Жарко стало в голове, он совсем потерял ее – голову! Он жадно целовал ее, тыкался куда-то сухими губами. Она охотно отвечала, расстегивала ему рубашку. Они упали в чашу между каменными глыбами, возились, сооружая ложе из сброшенных одежд. Мешали автоматы, в них было столько выпуклых деталей! К черту! Они сплелись в объятиях на горячей от солнца плите, скатились в ямку с водой, но даже это не отрезвило пылающие головы. Страсть бурлила, они занимались любовью по пояс в воде, дышали в бешеном темпе, судорожно ощупывали друг дружку, как будто не верили, что это они, и все происходит на самом деле…
– Все, мой милый, я утонула… – Вика смеялась, выбираясь из ямы. Он вылез вслед за ней, к нему уже тянулись тонкие руки, в которых имелась упругость и сила. Она опять к нему льнула, ласкалась, жмурилась от накатившего блаженства. Они лежали, приходя в себя, потом опять переплелись, покатились обратно в яму, которая так заменяла им постель…
Все испортило многозначительное покашливание. Зашуршала галька. Оба вспомнили, в какую эпоху им посчастливилось жить, отпрянули друг от друга. Андрей нащупал автомат, Вика прикрылась мокрыми одеждами. Андрей осторожно высунулся. В метре от каменной чаши с печальным видом сидела на корточках Ксюша и перебирала гальку в воде. Покосилась на выросшую из-за камня голову, гордо задрала нос.
– Не понял, – пробормотал Андрей. – Это что?

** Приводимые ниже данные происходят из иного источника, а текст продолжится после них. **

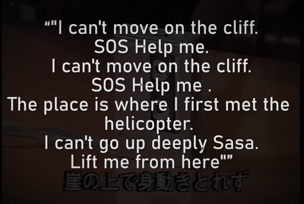 “SOS! Please help me! I’m stuck on the cliff! I’m at the location where I first met the helicopter! The sasa is thick, and I can’t climb up! Please pick me up!”
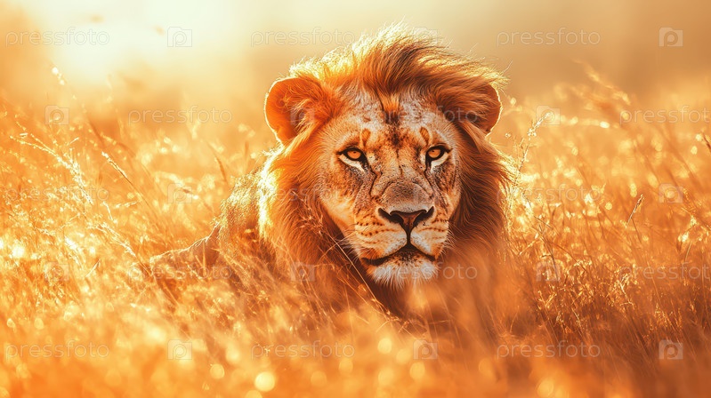 Величественный лев в Золотой Саванне на рассвете
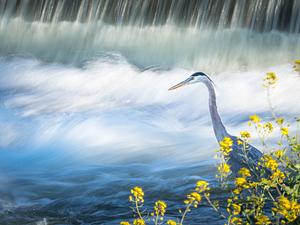 A great blue heron fishing at the covered bridge in Elizabethton, TN.
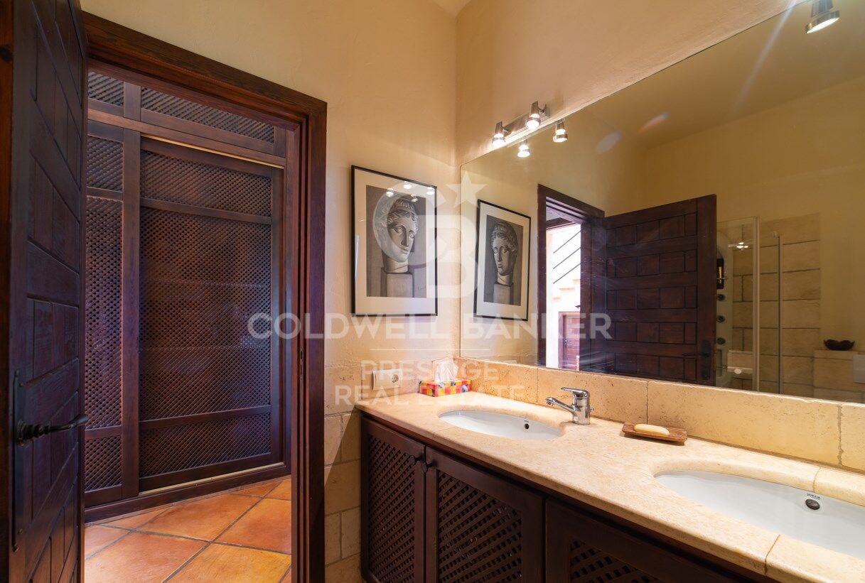 Das Haupthaus mit insgesamt 325 m2 verteilt sich auf zwei Etagen. Im Erdgeschoss (200,87 m2) befindet sich ein großes offenes Wohnzimmer mit Kamin, ein Essbereich, eine separate Küche mit zusätzlichem Abstellraum. Darüber hinaus befinden sich auf dieser Etage ein Gästeschlafzimmer mit eigenem Bad, ein Gäste-WC und ein großes Schlafzimmer. Der überdachte Patio am Eingang verbindet das Büro, den Wohnbereich und die Schlafzimmer im Obergeschoss. Das Glasdach ist motorisiert und kann bei Bedarf geöffnet werden. Wenn Sie über die Innentreppe im Obergeschoss (123,13 m2) ankommen, finden Sie das Hauptschlafzimmer, sehr geräumig, mit Ankleideraum, eigenem Bad und einer großen Terrasse mit
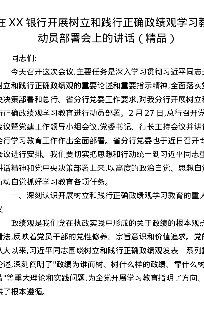 在XX银行开展树立和践行正确政绩观学习教育动员部署会上的讲话
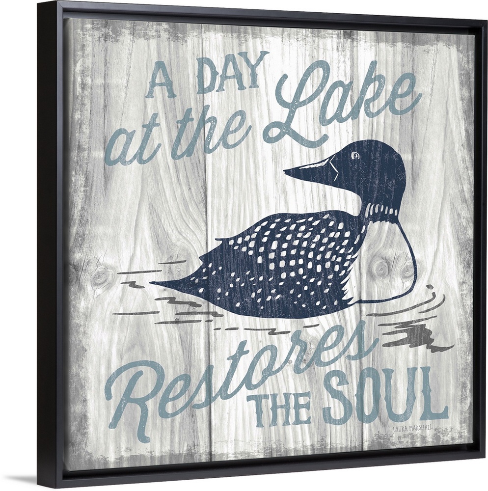 <p>"A Day at the Lake Restores the Soul" in blue with an illustration of a duck on a grey wood grain background.</p>
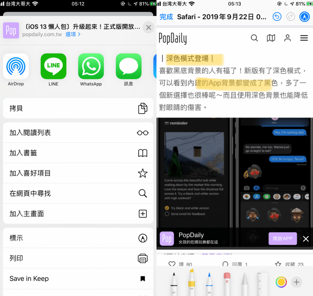 ▼愛閱讀的話,可以直接在網頁中使用「標示」功能,將喜歡的段落記下來。只要在網頁中按下「分享」>「標示」,就能直接畫重點,儲存成PDF或截圖了。
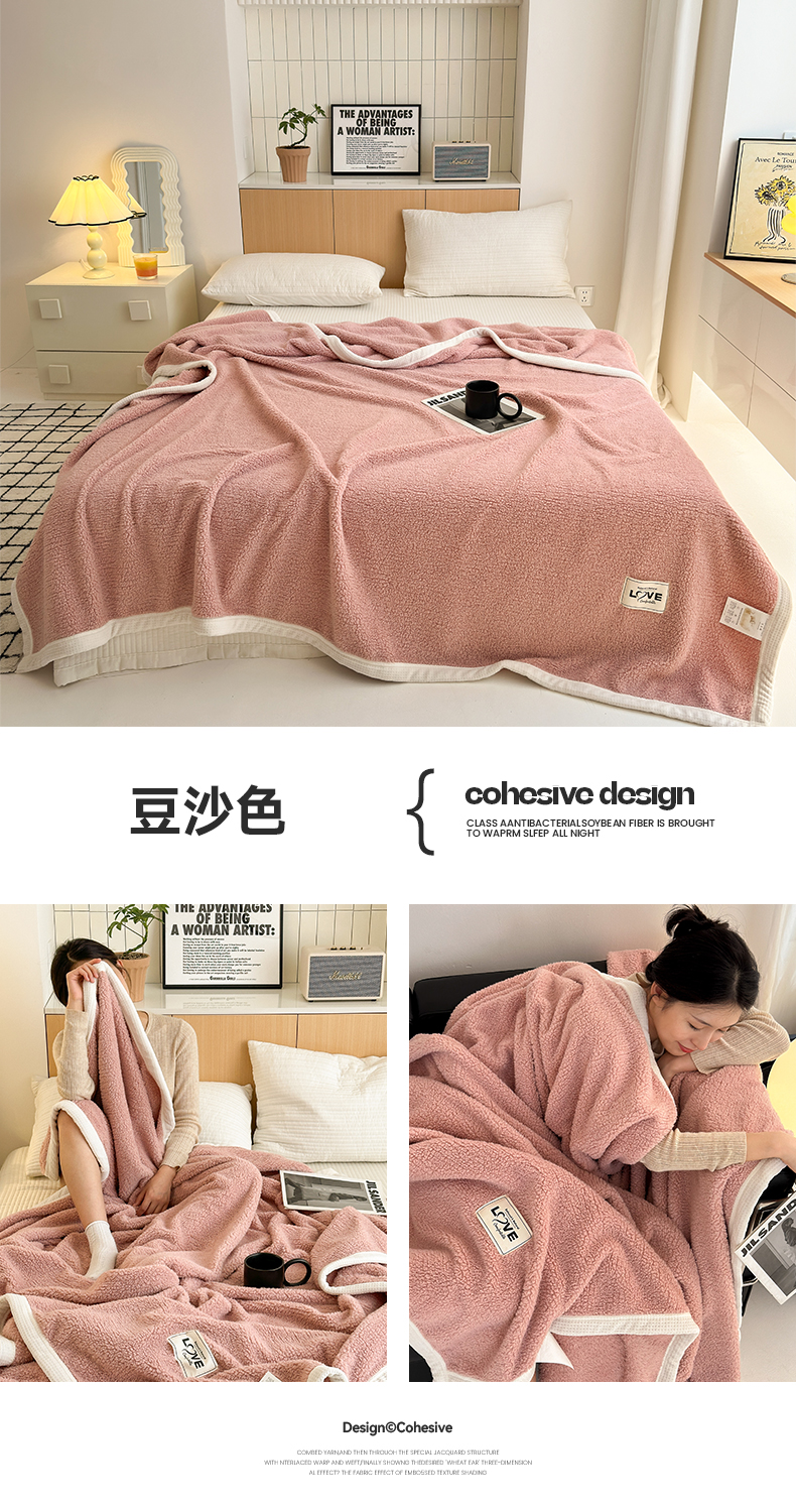 商品名称:沐棉 2024新款牛奶绒菠萝格包边羊羔绒泰迪绒毛毯-静物图 豆沙色

– Уже не узнаешь? – фыркнула девчонка.
– Ты что тут делаешь? – разозлился он.
– Рыбачу.
– Без удочки?
– Зато с червяком. – Ксюша подняла руку и продемонстрировала жирного дождевого червя, который жизнерадостно извивался и пытался укусить ее за палец. Рядом что-то хрюкнуло. Вика прикрылась джинсами и изнемогала от беззвучного хохота. Только сцен ревности им не хватало!
– Ты почему одна и без оружия? – возмутился Андрей. – Кому было сказано – никогда так не делать?
– А вы-то сами?
– А у нас вот! – Они одновременно вскинули автоматы, после чего обоим стало и смешно, и стыдно.
– Понятно, – печально усмехнулась девочка. – Развлекаетесь, значит. Нашли друг друга. Я знала, что этим все закончится. Ты тормоз, Баталов, мог бы и пораньше обратить внимание на Вику. Она уж, бедная, вся изнервничалась, ночами плохо спит, ворочается, через каждые полчаса в душ бегает, как будто у нас безлимитный тариф на воду…
– Ну, знаешь ли, девчонка! – возмутилась Вика и стала неудержимо краснеть.
– Да все я знаю, – отмахнулась Ксюша и испустила такой вздох, которому позавидовала бы ведущая актриса самого драматического в мире театра. – О, боже, не могу поверить! – Она размахнулась и зашвырнула червяка в реку. – Неужели у меня наконец-то будет своя комната?
– Что ты имеешь в виду? – удивился Андрей.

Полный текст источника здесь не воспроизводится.